A sector-relative EV/EBITDA screen on UK stocks produced 9.77% annualized over 25 years against 0.86% for the FTSE 100 price index, with a max drawdown of -31.12% and consistent investment across all 25 years. The headline excess of +8.91% is vs a price-only benchmark. Against the total-return FTSE 100 (dividends included), the true advantage is closer to +5-6% annually.

The honest summary: the UK result is steady outperformance with lower drawdowns than the local market. It's not a high-octane strategy. The 2001-2003 period and the post-COVID recovery (2020-2021) are the strongest relative windows. The 2022 rate shock year was a clear weak spot, where the FTSE 100's energy and commodity tilt held up while the strategy fell -20.3%.

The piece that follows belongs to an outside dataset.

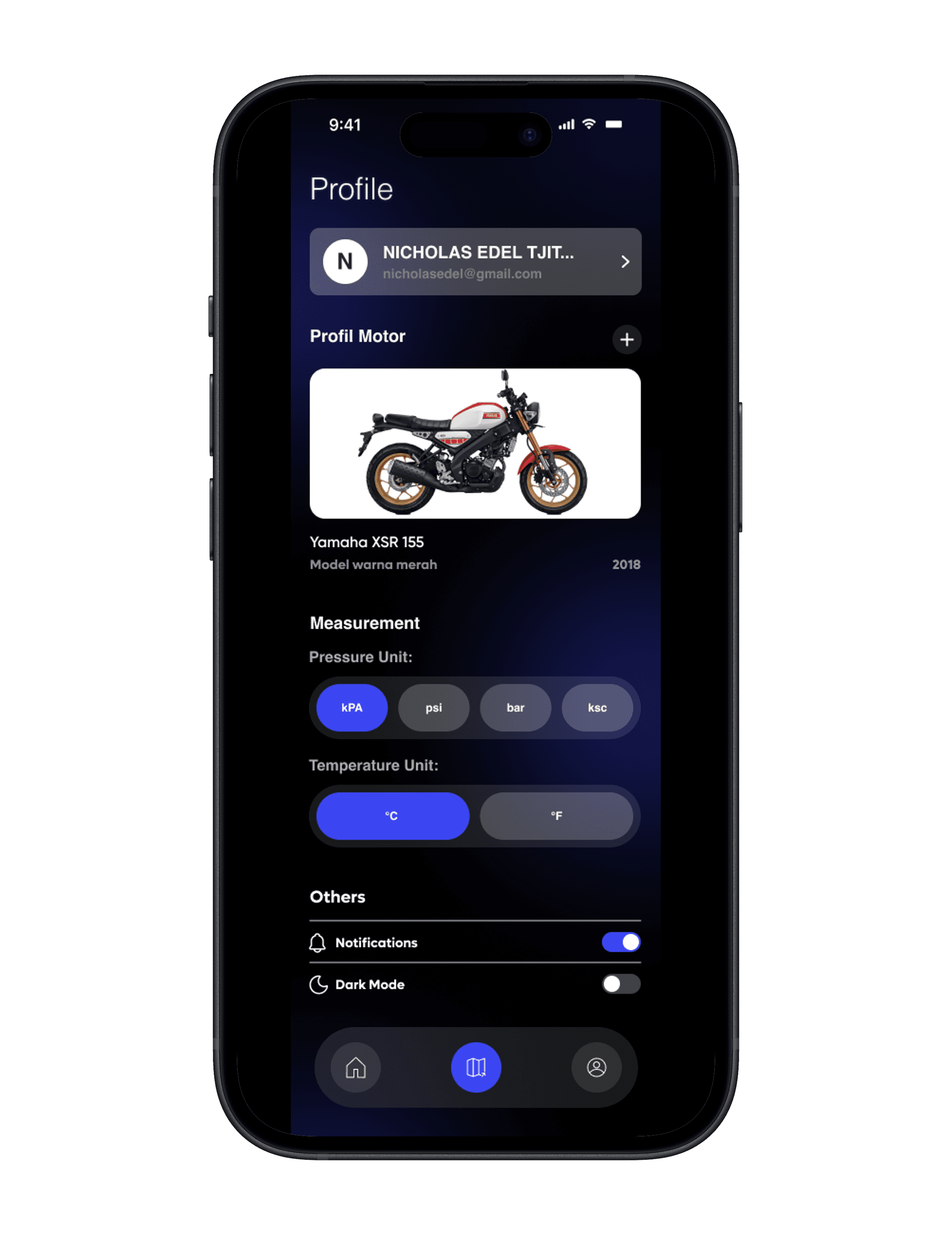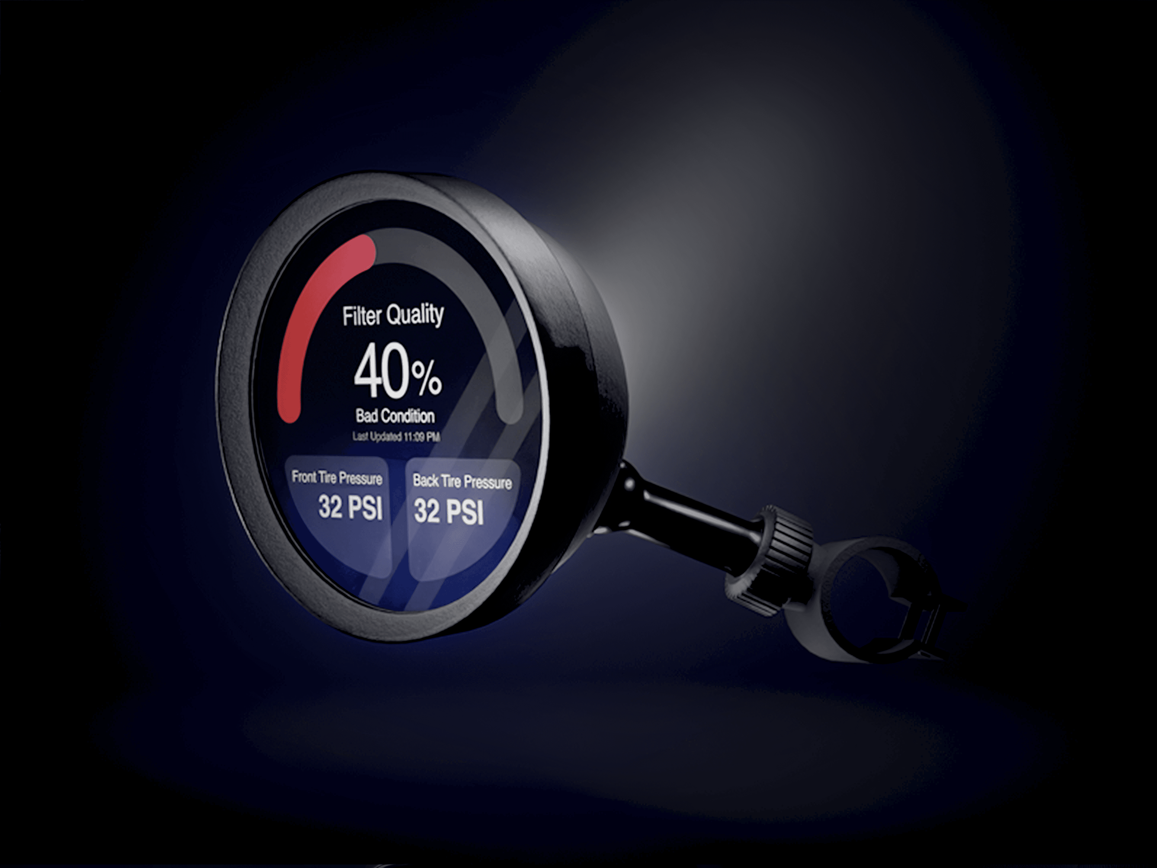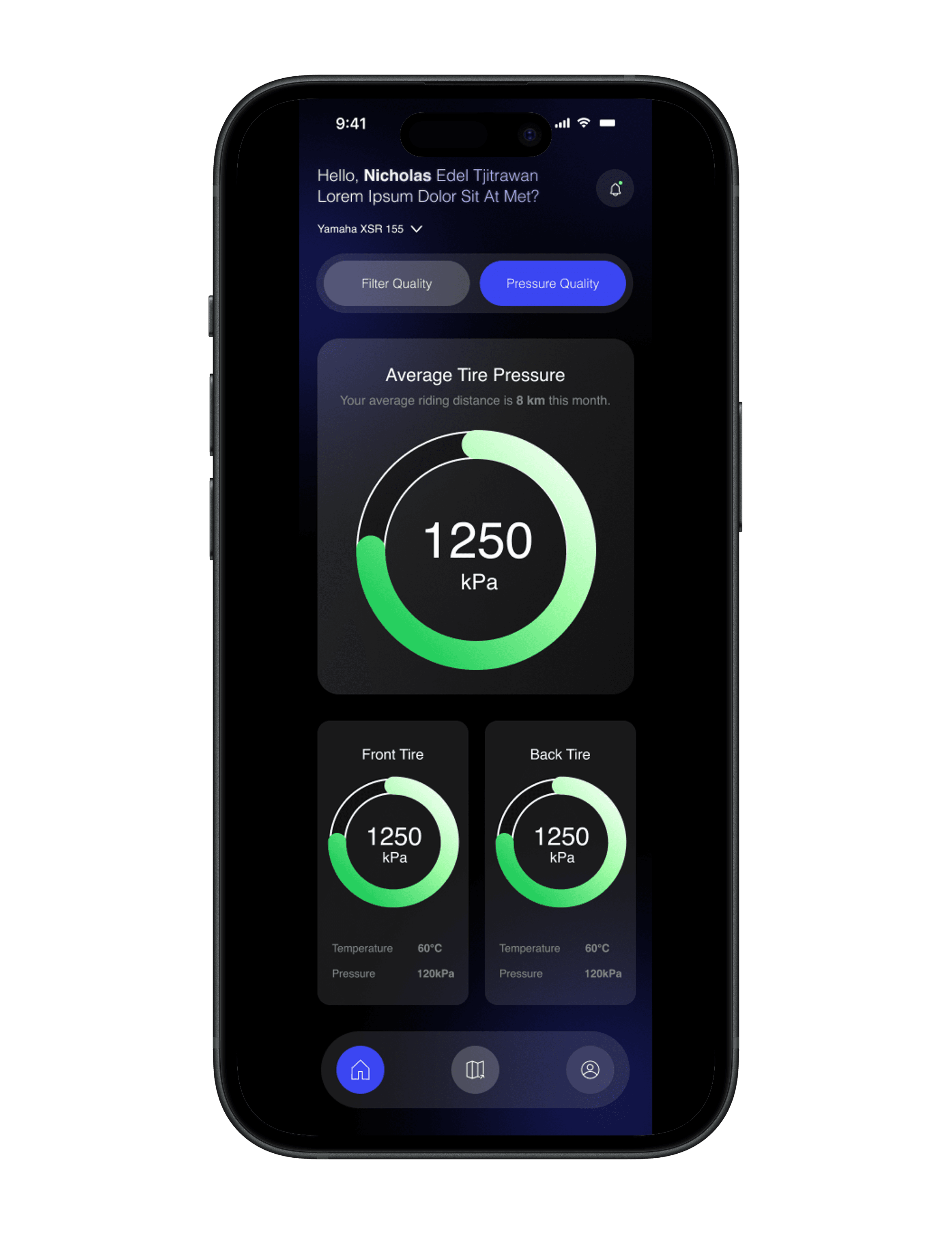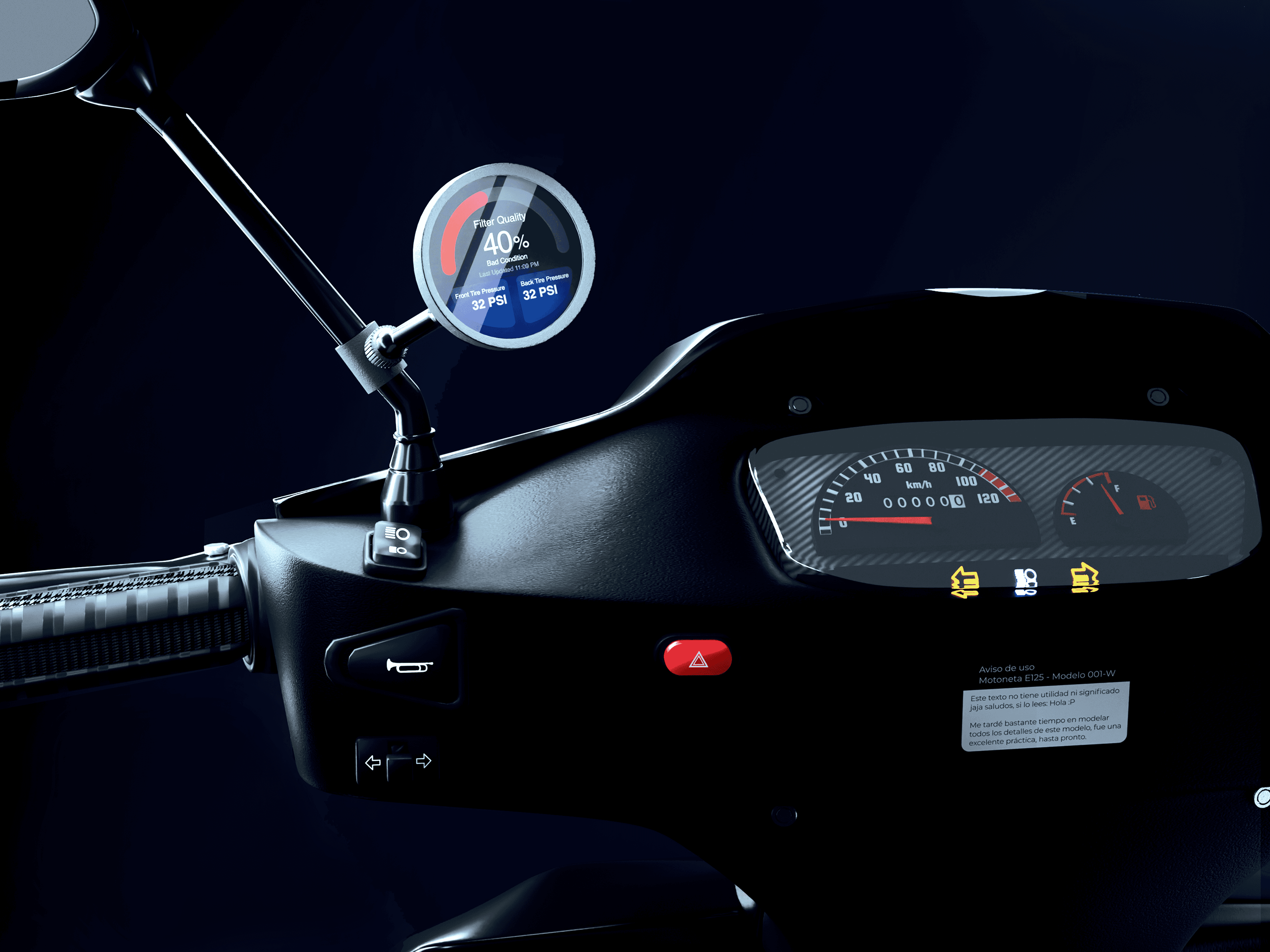 To address this problem, this tool provides an intuitive application that guides users in monitoring their motorcycle filters through step-by-step instructions, timely reminders, and real-time data on filter performance and air quality, ensuring better maintenance and helping reduce environmental impact. The visual direction centers on the contrast between structure and fluidity, creating a balanced identity that gives off information

For investors seeking systematic value exposure on the LSE, the sector-relative EV/EBITDA filter provides a data-driven approach to identifying the mispriced names within each sector.

What's your experience with UK value strategies? Does the sector-relative framing work better or worse than absolute multiple filters on the LSE?


Data: Ceta Research (FMP financial data warehouse). Backtest covers 2000-2025 using point-in-time financial data with 45-day filing lag. Returns in GBP. Benchmark (SPY) in USD. Results are hypothetical and do not reflect actual investment results. Past performance does not guarantee future results.